【tf.keras】AdamW: Adam with Weight decay

论文 Decoupled Weight Decay Regularization 中提到，Adam 在使用时，L2 regularization 与 weight decay 并不等价，并提出了 AdamW，在神经网络需要正则项时，用 AdamW 替换 Adam+L2 会得到更好的性能。

TensorFlow 2.x 在 tensorflow_addons 库里面实现了 AdamW，可以直接pip install tensorflow_addons进行安装（在 windows 上需要 TF 2.1），也可以直接把这个仓库下载下来使用。

下面是一个利用 AdamW 的示例程序（TF 2.0, tf.keras），在使用 AdamW 的同时，使用 learning rate decay：（以下程序中，AdamW 的结果不如 Adam，这是因为模型比较简单，加多了 regularization 反而影响性能）

import tensorflow as tf

import os

from tensorflow_addons.optimizers import AdamW

import numpy as np

from tensorflow.python.keras import backend as K

from tensorflow.python.util.tf_export import keras_export

from tensorflow.keras.callbacks import Callback

def lr_schedule(epoch):

    """Learning Rate Schedule

    Learning rate is scheduled to be reduced after 20, 30 epochs.

    Called automatically every epoch as part of callbacks during training.

    # Arguments

        epoch (int): The number of epochs

    # Returns

        lr (float32): learning rate

    """

    lr = 1e-3

    if epoch >= 30:

        lr *= 1e-2

    elif epoch >= 20:

        lr *= 1e-1

    print('Learning rate: ', lr)

    return lr

def wd_schedule(epoch):

    """Weight Decay Schedule

    Weight decay is scheduled to be reduced after 20, 30 epochs.

    Called automatically every epoch as part of callbacks during training.

    # Arguments

        epoch (int): The number of epochs

    # Returns

        wd (float32): weight decay

    """

    wd = 1e-4

    if epoch >= 30:

        wd *= 1e-2

    elif epoch >= 20:

        wd *= 1e-1

    print('Weight decay: ', wd)

    return wd

# just copy the implement of LearningRateScheduler, and then change the lr with weight_decay

@keras_export('keras.callbacks.WeightDecayScheduler')
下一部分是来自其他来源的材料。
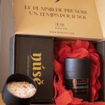 Coffret d’expérience immersive autour de l’univers de Red Velvet. Sel de bain Rose de l’Himalaya aromatisé aux senteurs exquises d’huiles essentielles de bois de rose et patchouli. Bâton 100% naturel de Palo Santo pour fumigation. Pétales de roses séchées et bougies flottantes pour le bain. De quoi créer un rituel charmant, raffiné et purifiant pour votre corps et votre esprit.

class WeightDecayScheduler(Callback):

    """Weight Decay Scheduler.

    Arguments:

        schedule: a function that takes an epoch index as input

            (integer, indexed from 0) and returns a new

            weight decay as output (float).

        verbose: int. 0: quiet, 1: update messages.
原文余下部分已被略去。